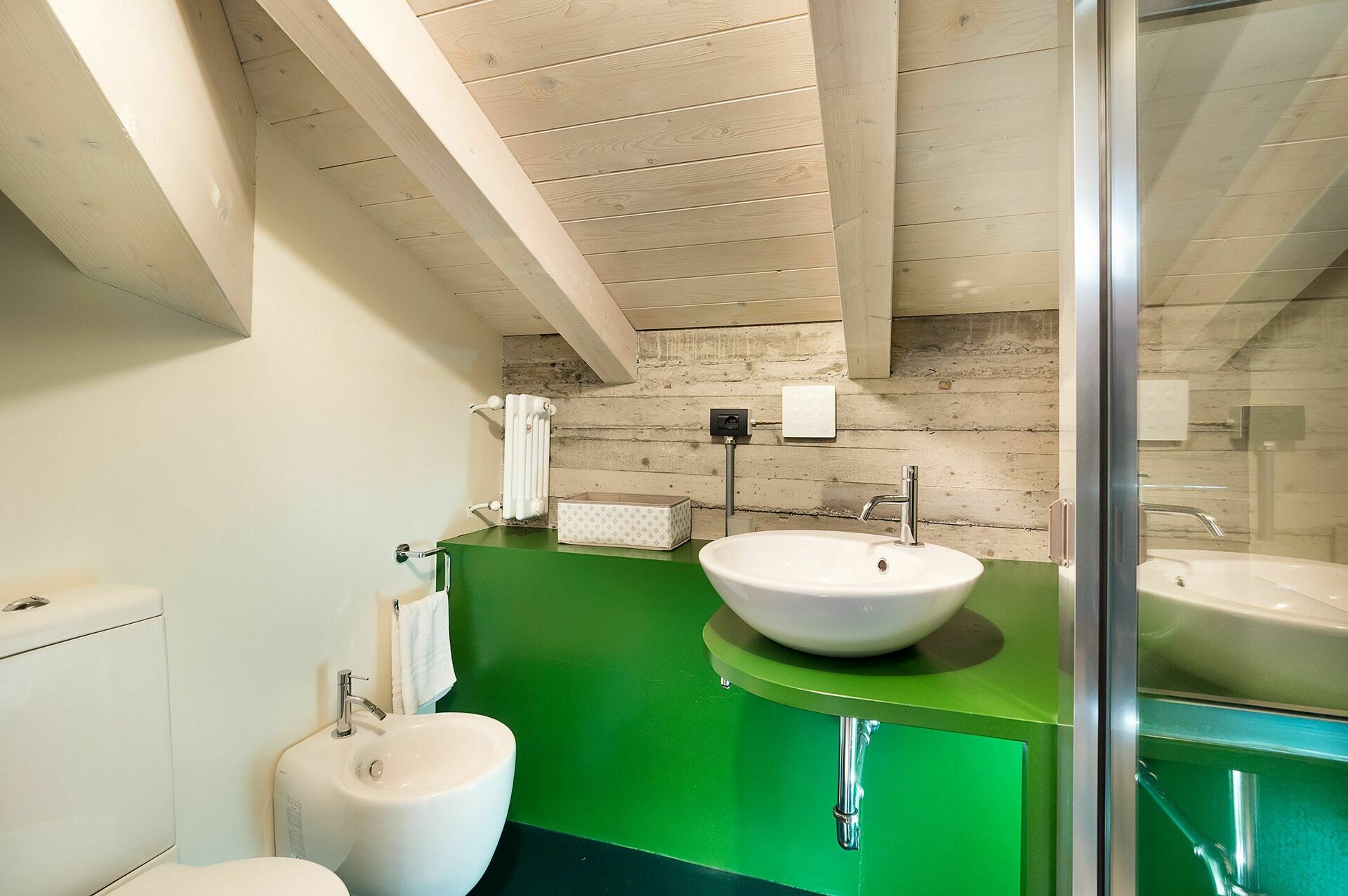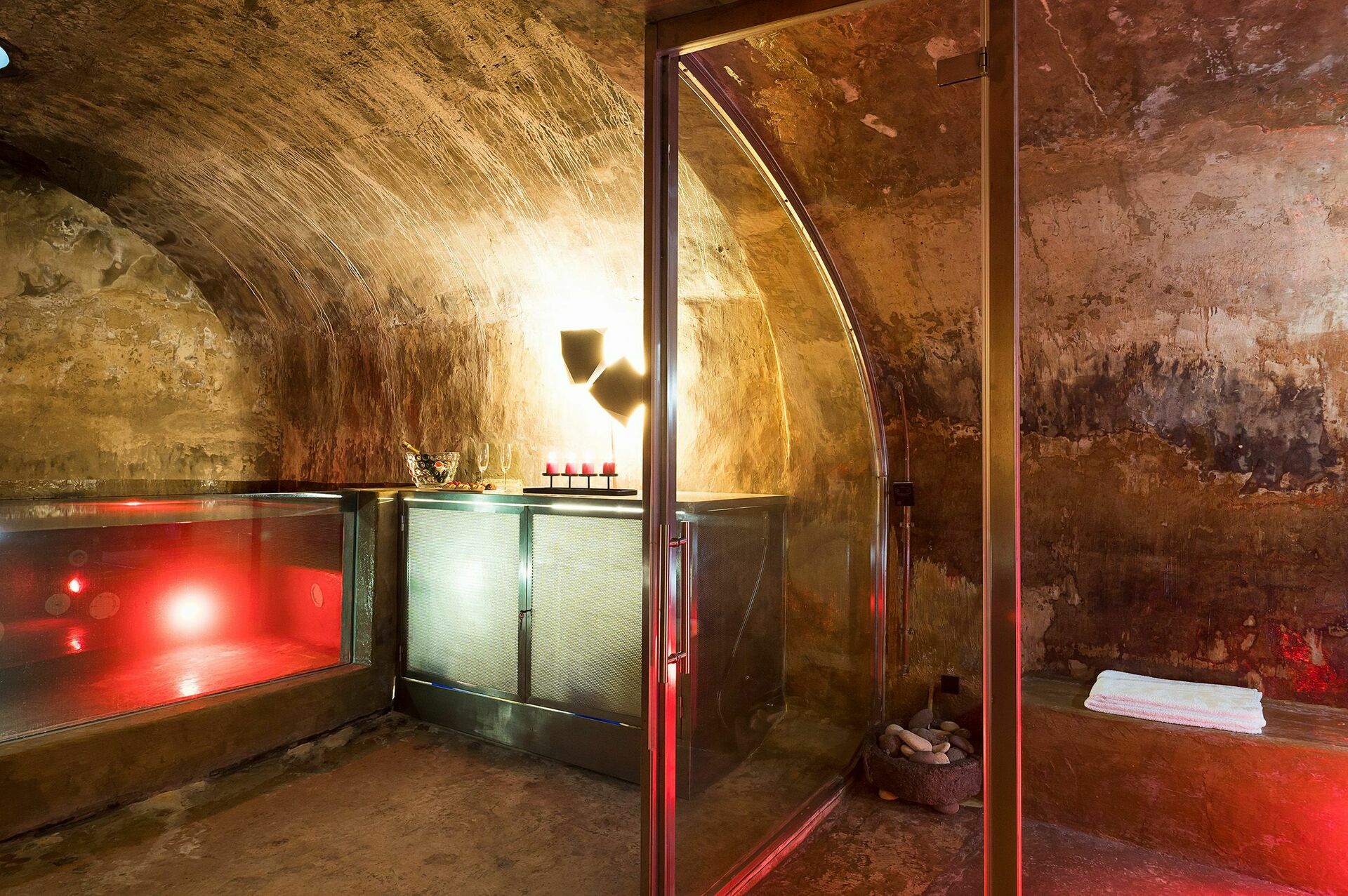 Al piano inferiore: zona benessere con vasca idromassaggio, grotta del sale, sauna, bagno turco, doccia emozionale, area relax
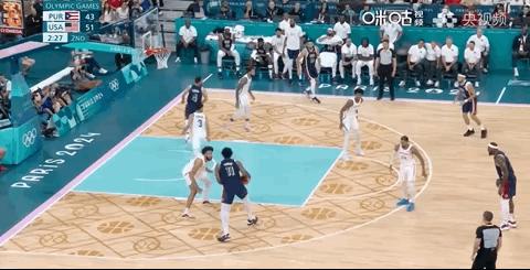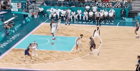 但是波多黎处处领先,美国队比较慢, 库里连得 5 分割后,对面暂停。
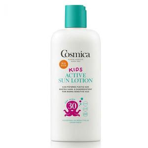 Cosmica Sun Lotion Kids er en solkrem spesielt utviklet for barnas sensitive hud. Kremen gir høy beskyttelse mot solens UVA- og UVB-ståler. Den har en god konsistens som ikke føles klissete og som raskt trekker inn i huden. Solkremen kan påføres på våt hud, og er ekstra vann- og sandresistent.
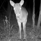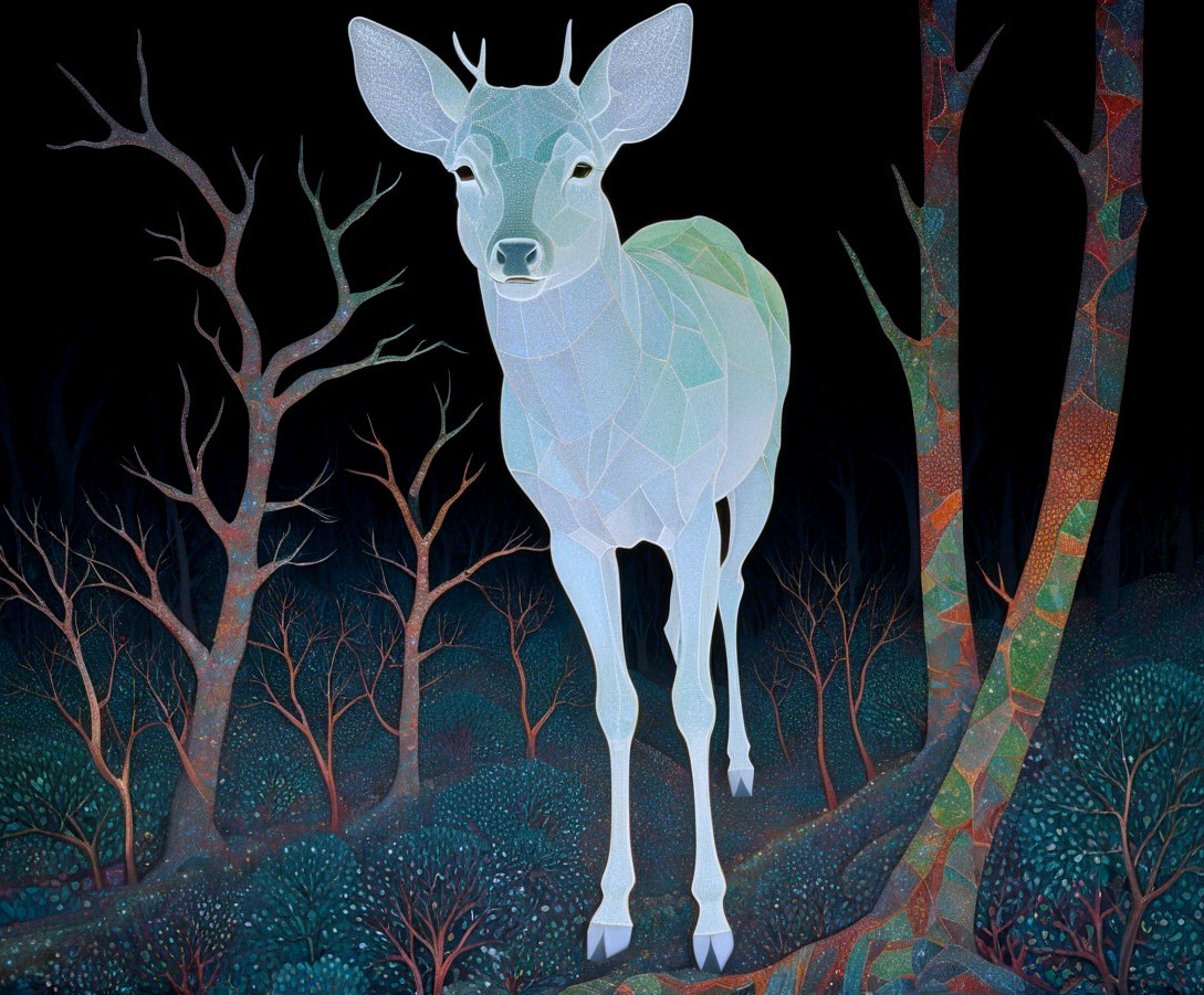 A stylized deer stands amidst a dark forest, its body composed of geometric shapes. Surrounding trees are bare, creating a mysterious and surreal atmosphere in vibrant hues.
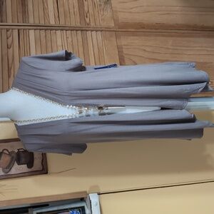 Brand new with tags chic taupe Apt. 9 open front lightweight cardigan. Short sleeves. Asymmetrical hem. It has crochet lace design on upper back. 95% rayon/5% spandex. Ideal for layering. Very cute.
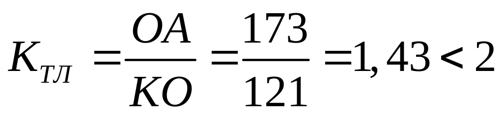 Вывод: структура баланса неудовлетворительна, предприятие неплатежеспособно, отсутствует реальная возможность восстановить платежеспособность в течение ближайших 6 месяцев.
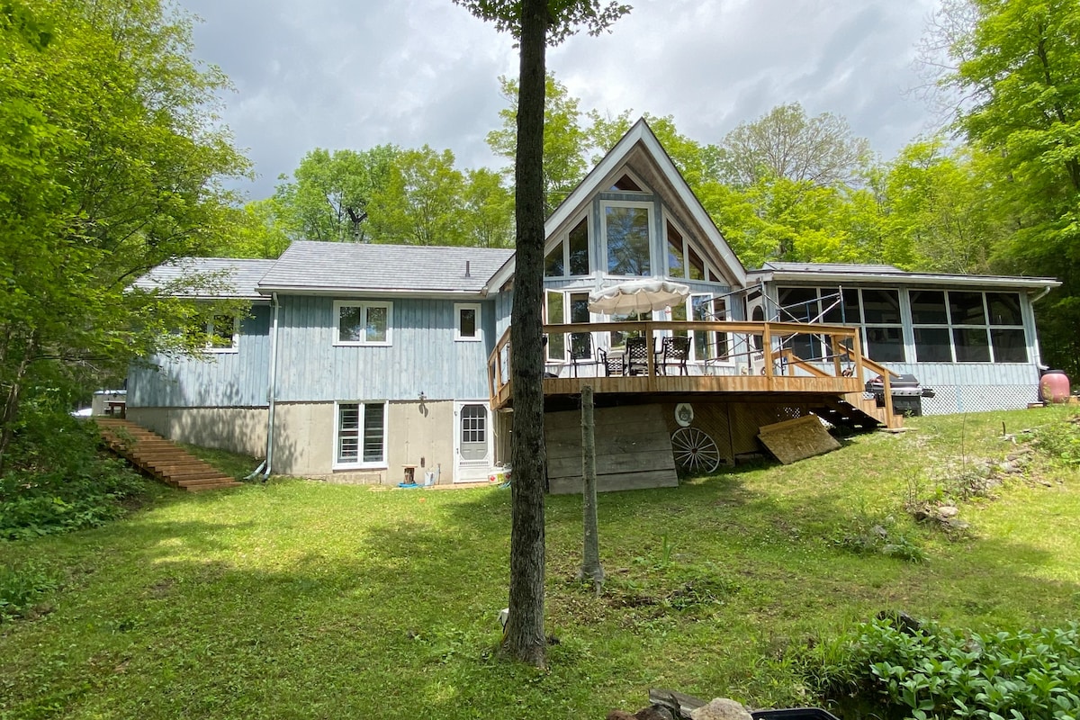 Stay beside the North River in our charming guesthouse cabin. Private riverfront to launch canoes or kayaks Public Boat launch across the road. Short drive to several lakes, the Trent Severn, multiple parks, extensive off roading & snowmobiling trails. Single loft with two twin beds that can easily be put together to make a king and a comfy queen size sofa bed on the main floor. Wood stove is the primary heat. Well cared for pets and their responsible owners are welcomed!
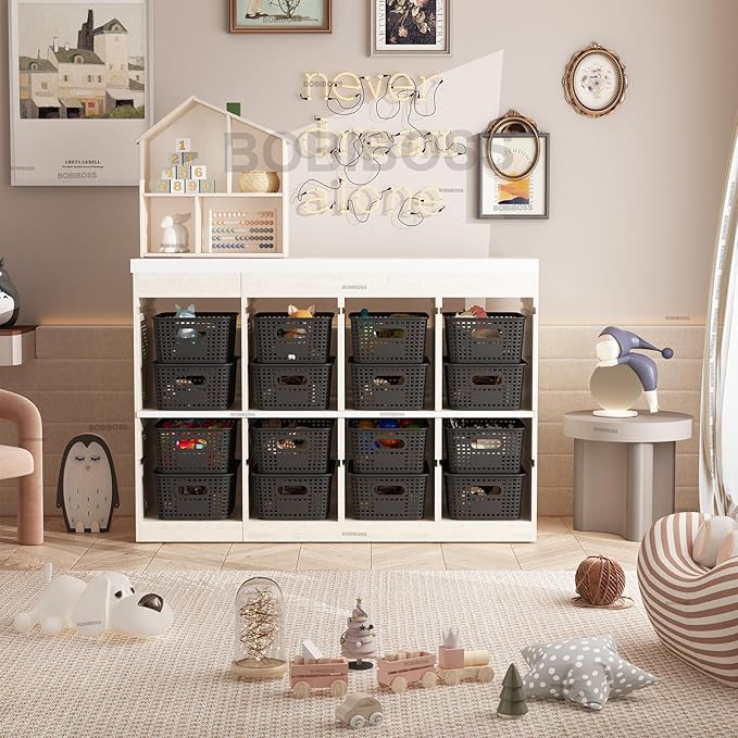 - EASY-GRIP CARRY HANDLES: Built-in handles on these black plastic storage baskets make carrying and transporting contents a breeze, perfect for playroom bathroom organization and storage, moving pantry baskets, or quick closet access
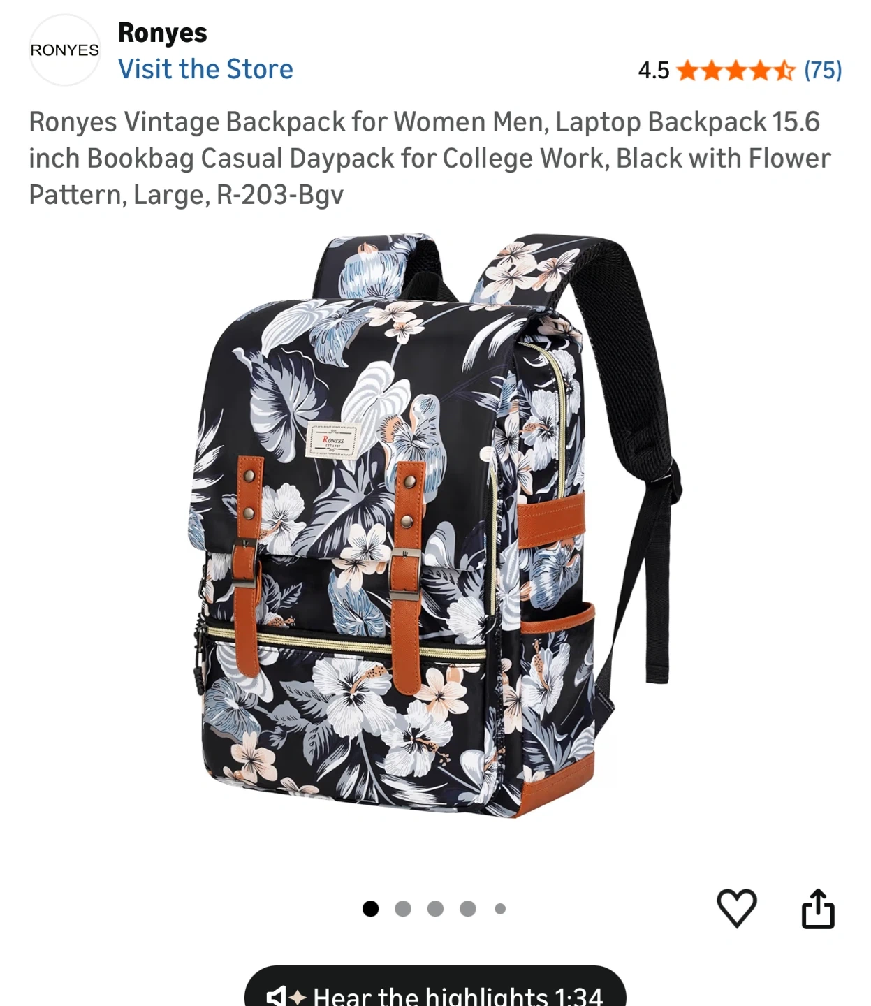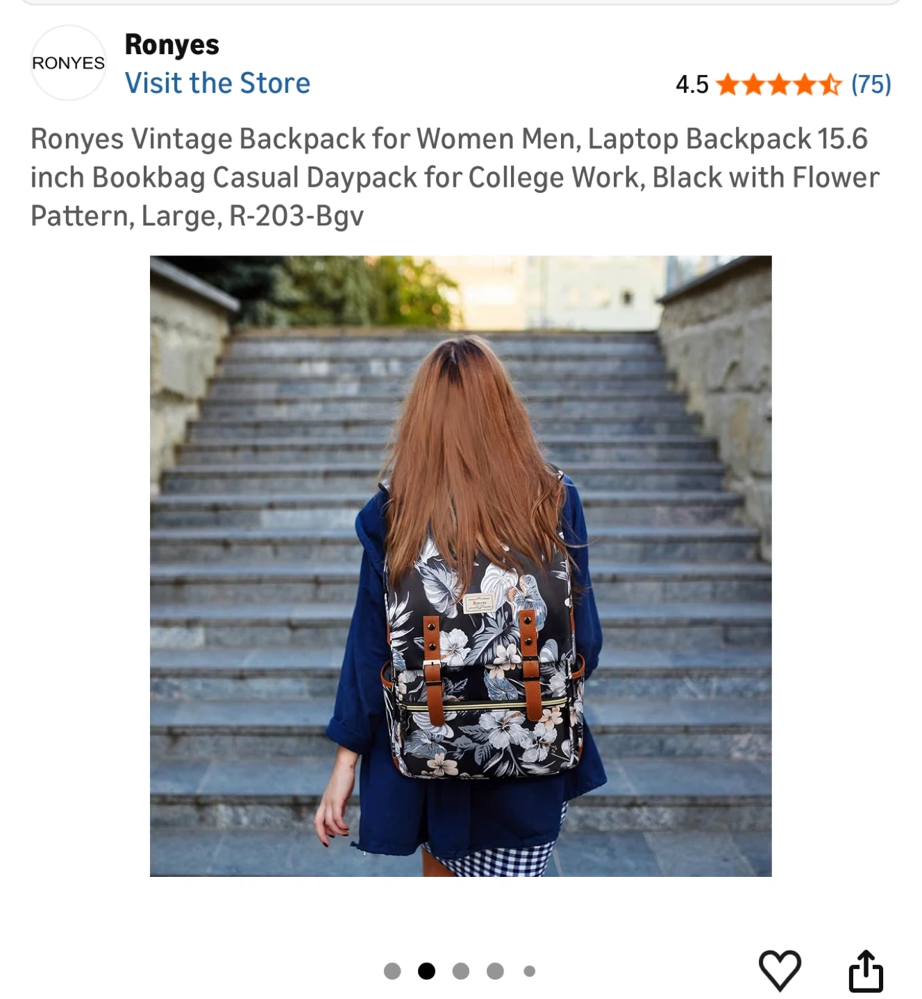 Ronyes Vintage Backpack for Women, Laptop Backpack 15.6 inch Bookbag Casual Daypack for Work, Black with Flower Pattern

::::::::::

WHAT IS EXPECTED
Output every record verbatim, skipping images.

EXERCISE ANSWER
 Al piano inferiore: zona benessere con vasca idromassaggio, grotta del sale, sauna, bagno turco, doccia emozionale, area relax
 但是波多黎处处领先,美国队比较慢, 库里连得 5 分割后,对面暂停。
 Cosmica Sun Lotion Kids er en solkrem spesielt utviklet for barnas sensitive hud. Kremen gir høy beskyttelse mot solens UVA- og UVB-ståler. Den har en god konsistens som ikke føles klissete og som raskt trekker inn i huden. Solkremen kan påføres på våt hud, og er ekstra vann- og sandresistent.
 A stylized deer stands amidst a dark forest, its body composed of geometric shapes. Surrounding trees are bare, creating a mysterious and surreal atmosphere in vibrant hues.
 Brand new with tags chic taupe Apt. 9 open front lightweight cardigan. Short sleeves. Asymmetrical hem. It has crochet lace design on upper back. 95% rayon/5% spandex. Ideal for layering. Very cute.
 Вывод: структура баланса неудовлетворительна, предприятие неплатежеспособно, отсутствует реальная возможность восстановить платежеспособность в течение ближайших 6 месяцев.
 Stay beside the North River in our charming guesthouse cabin. Private riverfront to launch canoes or kayaks Public Boat launch across the road. Short drive to several lakes, the Trent Severn, multiple parks, extensive off roading & snowmobiling trails. Single loft with two twin beds that can easily be put together to make a king and a comfy queen size sofa bed on the main floor. Wood stove is the primary heat. Well cared for pets and their responsible owners are welcomed!
 - EASY-GRIP CARRY HANDLES: Built-in handles on these black plastic storage baskets make carrying and transporting contents a breeze, perfect for playroom bathroom organization and storage, moving pantry baskets, or quick closet access
 Ronyes Vintage Backpack for Women, Laptop Backpack 15.6 inch Bookbag Casual Daypack for Work, Black with Flower Pattern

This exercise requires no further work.